Wallet V, a Web3 self-custody wallet incubated by Virgo Group, has published a public performance benchmark for AI trading agents running on the Hyperliquid and Aster platforms. The dataset covers 688 agents built by Wallet V users over the previous two months, offering a rare look at how autonomous models actually perform in live futures markets.
Mixed results across the agent cohort
According to the data, 42% of agents finished the period with a profit-and-loss balance of zero or higher. That means more than half of the models lost money. The spread between best and worst is wide: peak agent-level return on investment ranged from negative 30% on the lowest-performing model to positive 307% on the highest.
That kind of variance isn't surprising for an emerging field, but it underscores how uneven AI trading can be. The agents aren't just running on one kind of model — they span seven large language model families. Wallet V notes that models represented by fewer than 10 agents are reported as directional rather than statistically conclusive, a caveat that cautions against reading too much into small-sample results.
What the agents traded
The agents executed perpetual futures across four asset classes: major digital assets like Bitcoin, Ethereum, and Solana; pre-IPO equities; commodities including gold, silver, and oil; and major foreign exchange pairs. That mix shows the platform isn't limiting itself to crypto — it's targeting anything with a futures market and enough liquidity for automated trading.
Hyperliquid and Aster are relatively newer venues for this kind of activity, and Wallet V's decision to open up the benchmark suggests it wants to attract more developers and traders to test their own models against the published results.
Plans to broaden the scope
Wallet V says it plans to extend the benchmark to include newer model families, prediction markets, copilot trading analytics, and personalized AI prompt generation. Those additions would give users more ways to compare agent performance — and potentially more tools to build or improve their own models.

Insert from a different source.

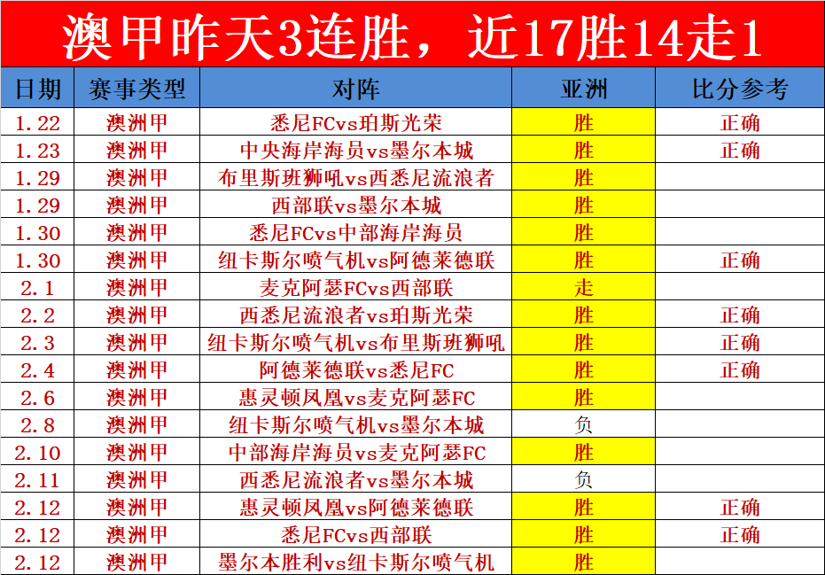 3、另外澳甲也是强项之一,近17场胜14走1,只有2场失手

For now, the benchmark is a snapshot, not a verdict. The 42% profitability figure doesn't account for fees, slippage, or risk management, and the data covers a relatively short period. But it's one of the first public datasets to compare hundreds of AI agents side by side on the same infrastructure.
Who backs Wallet V
Wallet V is an incubation project of Virgo Group, a firm backed by a roster of crypto and venture investors: Draper Dragon, OKX Ventures, Vaulta Foundation, Cobo Ventures, Waterdrip Capital, and Sora Ventures. Those names signal that the project has both Asian and global capital behind it, though Wallet V itself remains a relatively small player in the crowded self-custody wallet space.
The benchmark release could change that — if the platform becomes a go-to testing ground for AI trading agents, the data itself becomes a draw. The next update, once it adds prediction markets and new model families, will tell whether the early results hold up or get revised.